- [Instructions for the task]
The whole listing, except its pictures, is to be repeated exactly.

- [Data for processing]
⟨
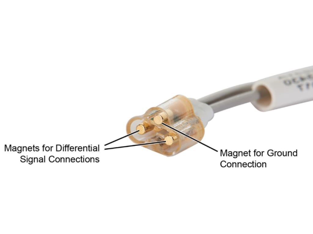 The Keysight N2851A QuickTip probe head for InfiniiMax I/II provides the industry’s only quick connect/disconnect capability when measuring multiple high-speed test points. The QuickTip design uses three small, gold-plated magnets as the actual contacts to gold-plated steel buttons on the probe tip. Engineers can install multiple N2849A QuickTip tips on a device under test, allowing quick and reliable measurement of many probe points.
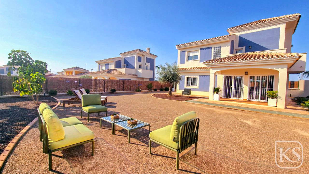 Villa Iris, located in Lorca, Murcia, offers a spacious and comfortable living space spread across two floors. With three bedrooms and three bathrooms, this property provides ample accommodation for a family or individuals seeking a relaxed Mediterranean lifestyle.
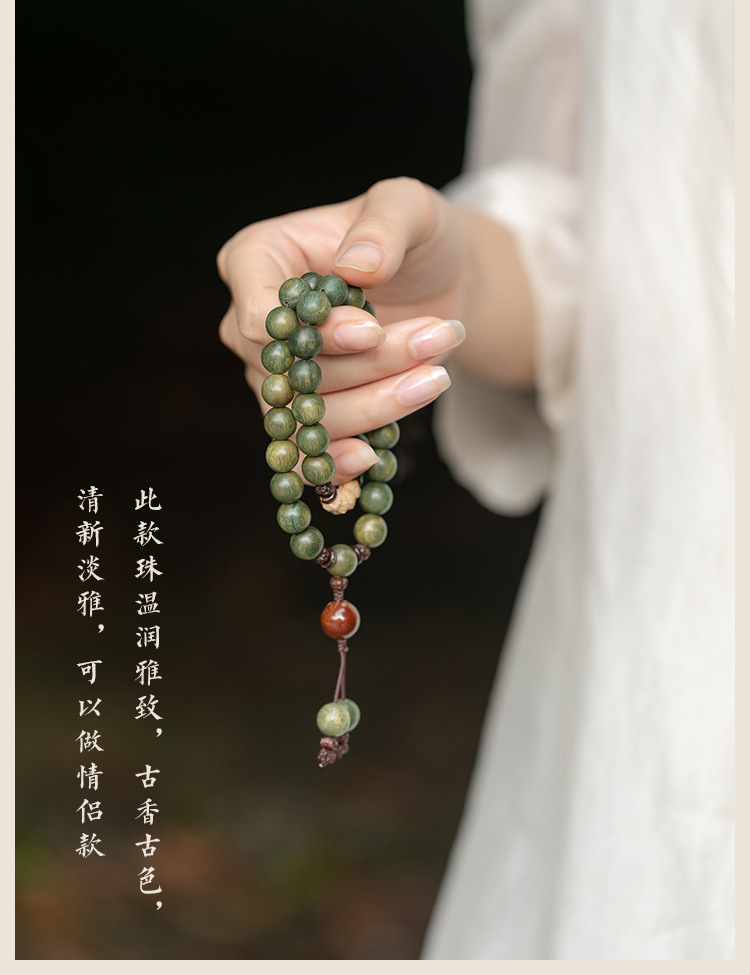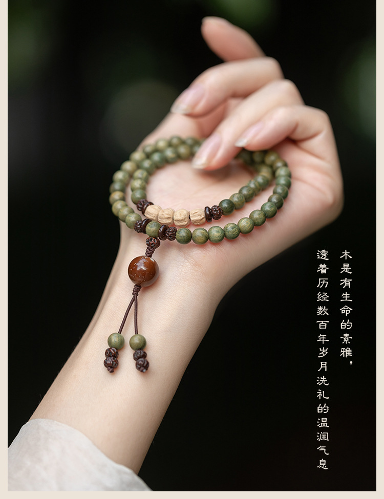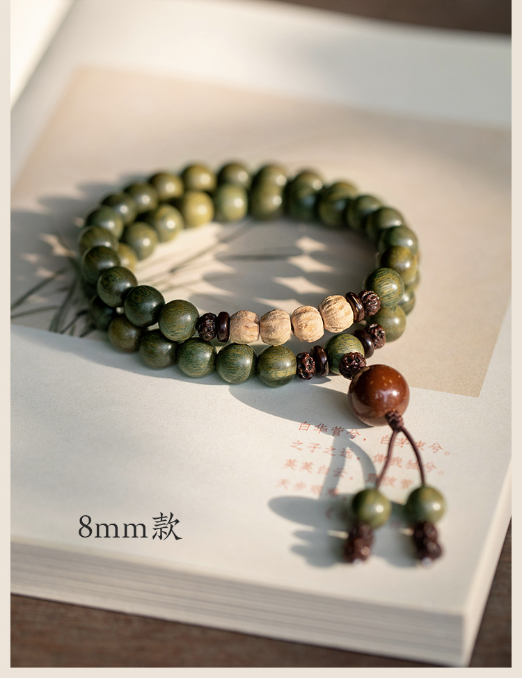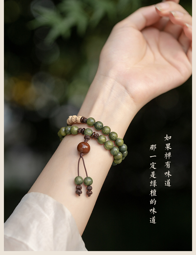 Multi-Circle Old Material Green Sandalwood Buddha Beads Bracelet for Women Mori Students Sandalwood Peach Seed Bracelet for Couple Ethnic Men
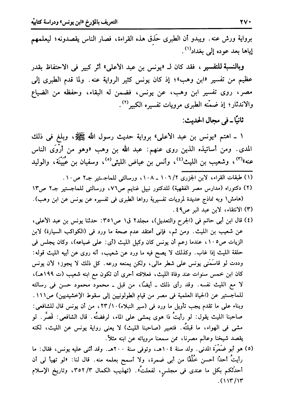 وبالنسبة للتفسير، فقد كان ل «يونس بن عبد الأعلى» أثر كبير فى الاحتفاظ بقدر عظيم من تفسير «ابن وهب» ؛ إذ كان يونس كثير الرواية عنه. ولما قدم الطبرى إلى مصر، روى تفسير ابن وهب، عن يونس، فضمن له البقاء، وحفظه من الضياع والاندثار؛ إذ ضمّنه الطبرى مرويات تفسيره الكبير «2» .
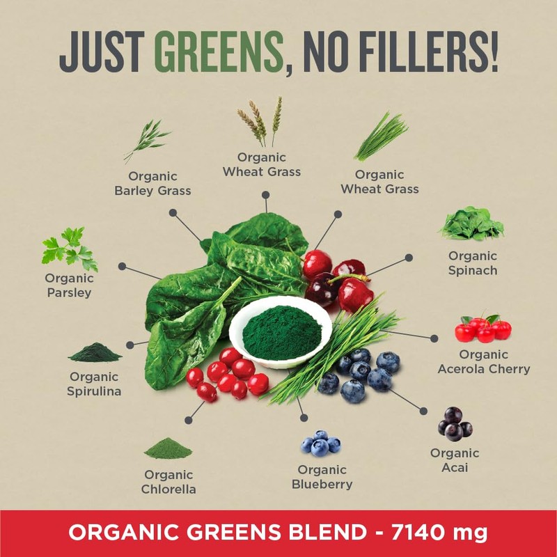 - Highly Concentrated Organic Greens: Each serving contains 7140 mg of a powerful blend of organic chlorella, spirulina, and leafy greens to help you meet your daily greens intake and supplement your body with superfoods.
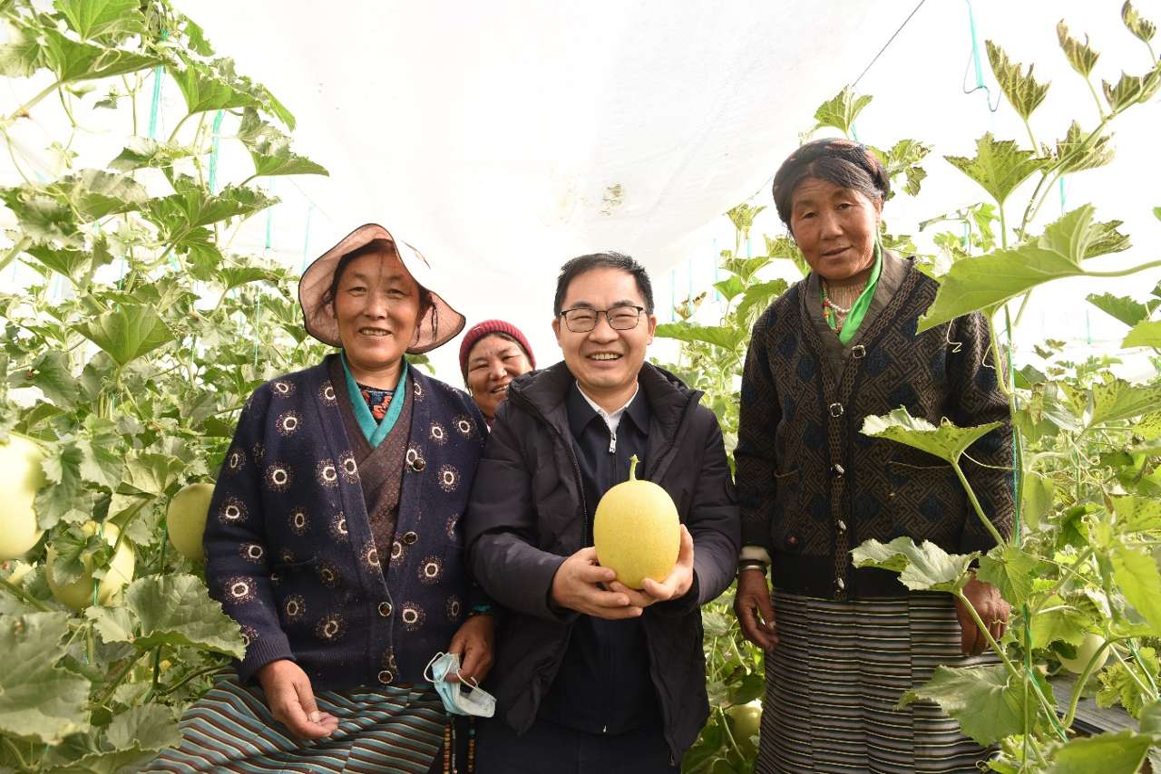 这是由华中农业大学副教授黄远团队和中国农科院郑州果树研究所研究员徐永阳团队共同技术支持的西藏跃林创建科技有限公司果蔬大棚的一个欢乐场景。
⟩
- [Completed task]
 The Keysight N2851A QuickTip probe head for InfiniiMax I/II provides the industry’s only quick connect/disconnect capability when measuring multiple high-speed test points. The QuickTip design uses three small, gold-plated magnets as the actual contacts to gold-plated steel buttons on the probe tip. Engineers can install multiple N2849A QuickTip tips on a device under test, allowing quick and reliable measurement of many probe points.
 Villa Iris, located in Lorca, Murcia, offers a spacious and comfortable living space spread across two floors. With three bedrooms and three bathrooms, this property provides ample accommodation for a family or individuals seeking a relaxed Mediterranean lifestyle.
 Multi-Circle Old Material Green Sandalwood Buddha Beads Bracelet for Women Mori Students Sandalwood Peach Seed Bracelet for Couple Ethnic Men
 وبالنسبة للتفسير، فقد كان ل «يونس بن عبد الأعلى» أثر كبير فى الاحتفاظ بقدر عظيم من تفسير «ابن وهب» ؛ إذ كان يونس كثير الرواية عنه. ولما قدم الطبرى إلى مصر، روى تفسير ابن وهب، عن يونس، فضمن له البقاء، وحفظه من الضياع والاندثار؛ إذ ضمّنه الطبرى مرويات تفسيره الكبير «2» .
 - Highly Concentrated Organic Greens: Each serving contains 7140 mg of a powerful blend of organic chlorella, spirulina, and leafy greens to help you meet your daily greens intake and supplement your body with superfoods.
 这是由华中农业大学副教授黄远团队和中国农科院郑州果树研究所研究员徐永阳团队共同技术支持的西藏跃林创建科技有限公司果蔬大棚的一个欢乐场景。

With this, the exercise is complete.